The website says it looked at unsealed FBI affidavits and interviewed law enforcement officials who allegedly “worked” with Sharpton to secretly tape conversations of the powerful Gambino mob family in the 1980s.
Sharpton said Tuesday he cooperated with the FBI, but does not consider himself an informant.
On Twitter, Sharpton unleashed a rhyme. “I am not a rat. I am a cat, I chase rats thugs, gangsters, bigots, drug dealers. Bad cops whoever out of our community. That is right,” he tweeted from his verified social media account.
Even critics admit the activist has had a colorful life.
He got off to a rough start in New York City.
While a child preacher, Sharpton’s dad left the family to start another family with Sharpton’s older half-sister (you read that right). Sharpton’s mom became a maid, had to go on welfare and moved her family to public housing.
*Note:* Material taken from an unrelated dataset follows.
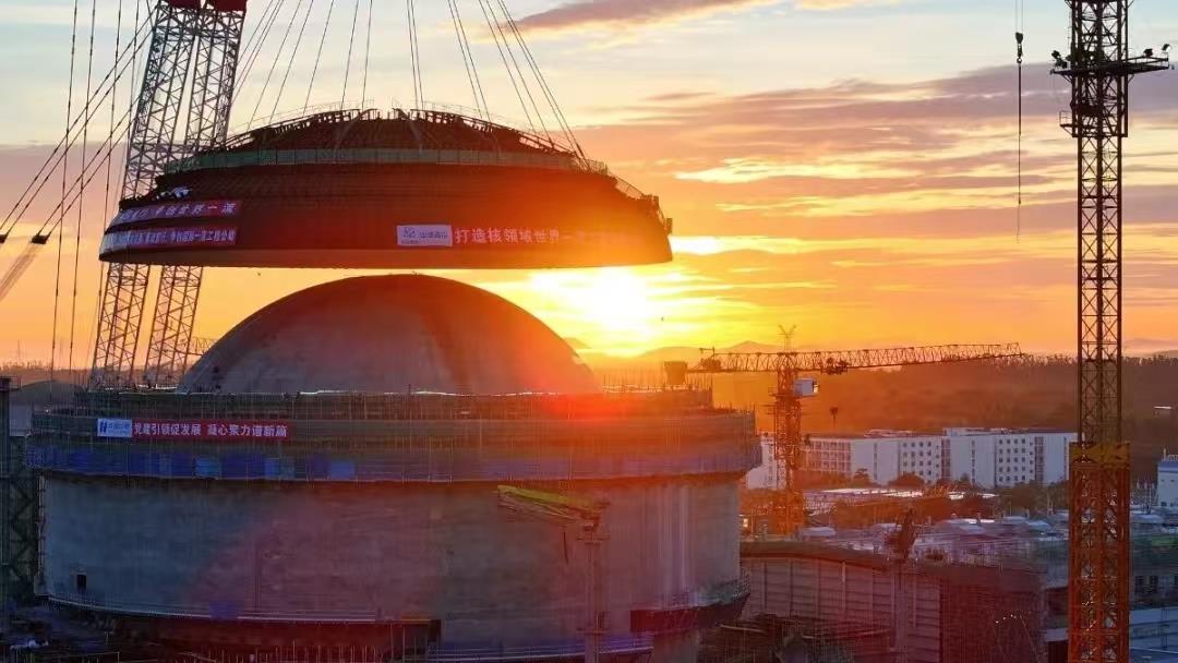 “準(zhǔn)備起吊”!伴隨著現(xiàn)場吊裝總指揮的一聲令下,10月18日,總重量約為600噸的昌江核電二期3號機(jī)組超大型外穹頂模塊,在中聯(lián)重科3200噸履帶起重機(jī)的吊裝下安全而平穩(wěn)地落在核島頂部,為核電機(jī)組勾勒出了雄偉的輪廓,也標(biāo)志著核島主體結(jié)構(gòu)施工已基本完成,為接下來的安裝調(diào)試及并網(wǎng)發(fā)電奠定了堅(jiān)實(shí)的基礎(chǔ)。
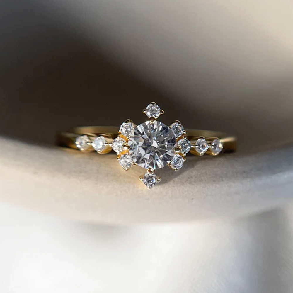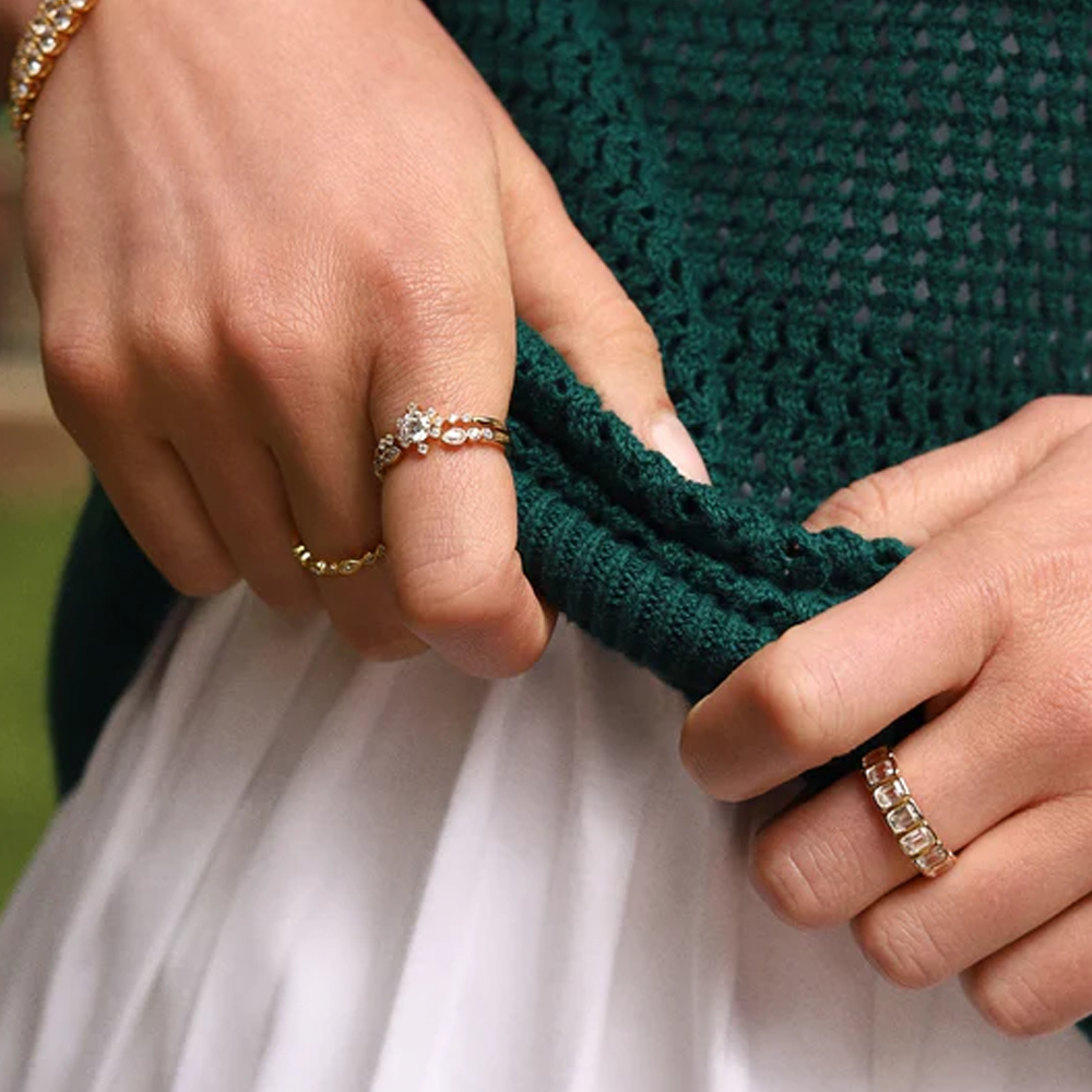 Radiant and romantic, the Junie Ring captures light from every angle. Made in sterling silver with yellow gold vermeil, it features a dazzling round centre stone framed by a constellation of smaller stones that dance along the band. Delicate yet eye-catching, this beautifully balanced design brings a touch of modern brilliance to any occasion.

Investigators told The Smoking Gun that Sharpton “deftly extracted information from wiseguys” that was used to get authorization for several phone tapping operations. Information from the wiretaps led to multiple convictions of Mafia members and associates.
It’s a fascinating tale, and seems to be supported by documents, but Sharpton has said he never worked as an informant. When The Smoking Gun asked Sharpton specifically about taping conversations for the FBI, Sharpton was noncommittal
“I’m not saying yes, I’m not saying no,” said the Baptist preacher.
Why would Sharpton put his life in danger to help the FBI? To not be prosecuted, says The Smoking Gun, who alleges “Sharpton was secretly recorded in meetings with an FBI undercover agent posing as a wealthy drug dealer seeking to promote boxing matches.”
In that meeting, Sharpton did not negotiate the purchase of drugs, but was told by the FBI they may be able to prosecute him on conspiracy charges.
After that, Sharpton allegedly agreed to help the feds as “CI-7,” aka Confidential Informant 7, and the FBI went to unusual lengths to conceal his identity.
His relationship with the FBI allegedly ended in the late 1980s when Sharpton became “radioactive” to the agency by representing Tawana Brawley, a 15-year-old girl who falsely claimed she had been raped by white police officers.
In his 2013 book, “The Rejected Stone,” Sharpton wrote he was once “set up by the government,” whose agents leaked “false information” that “could have gotten me killed.”
Don’t believe everything you read is always good advice.